Good morning, ladies and gentlemen. Thank you for standing by. Welcome to the Sherritt International Second Quarter 2023 Results Conference Call and Webcast. [Operator Instructions] I would like to remind everyone that this conference call is being recorded today, Thursday, July 27, 2023, at 10:00 AM Eastern Standard Time.

I would now like to turn the presentation over to Mark Preston, Manager, Investor Relations. Please go ahead, sir.

M
Mark Preston
Investor Relations

Thank you. Good morning, everyone, and thank you for joining us today. Before we begin, I just want to make mention of a couple of items. As you know, we released our Q2 results last night and all of our disclosure materials, including the press release, the MD&A, financial statements and they're all available on our website as well as on SEDAR. As is customary, during today's conference call and webcast, we will be using a presentation that is available on our website in the Investor Relations section.

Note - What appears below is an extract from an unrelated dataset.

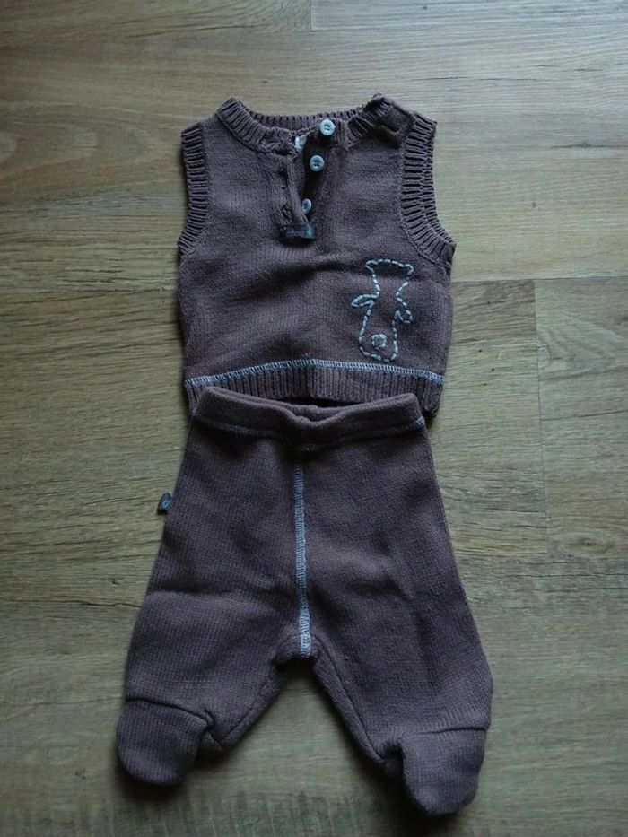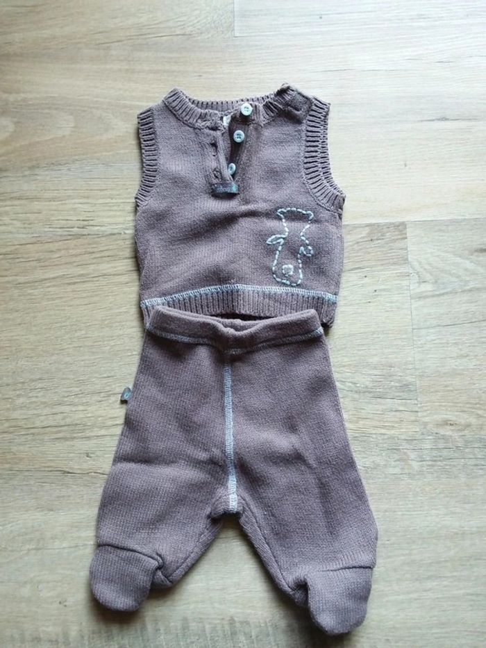 Effet tricot pour cet adorable ensemble de naissance 0 mois 50cm marron brun

In addition, we will be making forward-looking statements and references to certain non-GAAP financial measures Cautionary notes on forward-looking statements can be found on Slide 3 and the non-GAAP measure discussions and reconciliations to the most directly comparable IFRS measures are included in the appendix to the presentation.

With me today are Sherritt's Chief Executive Officer, Leon Binedell; and Chief Financial Officer, Yasmin Gabriel, who will be reviewing the results in detail. Following this discussion, we will open the call to questions.

It's now my pleasure to pass the call on to Leon.

L
Leon Binedell
President, CEO & Director

Thank you, Mark, and good morning, everyone, and thank you for joining us today. I'm starting on Slide 4. This quarter was highlighted by the fact that we received almost $100 million in the quarter on our Cobalt Swap agreement. This is a testament to the quality and effectiveness of the agreement and the strong working relationship we have with our Cuban partners. With the success of this first year, we are confident that the remaining 4 years will be equally successful. And just for some context, while $76 million of the dividends were redirected by our partner, GNC to pay down the receivables, an equal amount came to share is our 50% share in dividends for the year-to-date. This was the second highest dividend payment from the joint venture behind last year when we benefited from strong nickel and cobalt prices and record high fertilizer prices.

At the end of the quarter, we had approximately $125 million in cash and available liquidity in Canada. We're also excited that we started receiving additional gas from two new wells drilled on behalf of CUPET that will have a significant positive impact on our power operations for years to come. And with the continuing success of the Moa swap, which provides Energas with foreign currency on a monthly basis, we can start to look forward to receiving dividend distributions from the Power business in the future.

Operationally, we had a bit of a mixed quarter, but the biggest challenge, which was out of our control, was commodity prices. Each of the nickel, cobalt and fertilizer prices were significantly lower in the current quarter than last year. Sales volumes for each of the commodities were higher than last year, and we benefited from lower input commodity prices. But the 63% decrease in cobalt realized prices and a 35% decrease in fertilizer prices had a material impact on our net direct cash cost and profitability. I'll go into these in a bit more detail and provide additional operational updates, and then Yasmin will elaborate on our financial results. I'll come back and talk about our '23 guidance before we take questions.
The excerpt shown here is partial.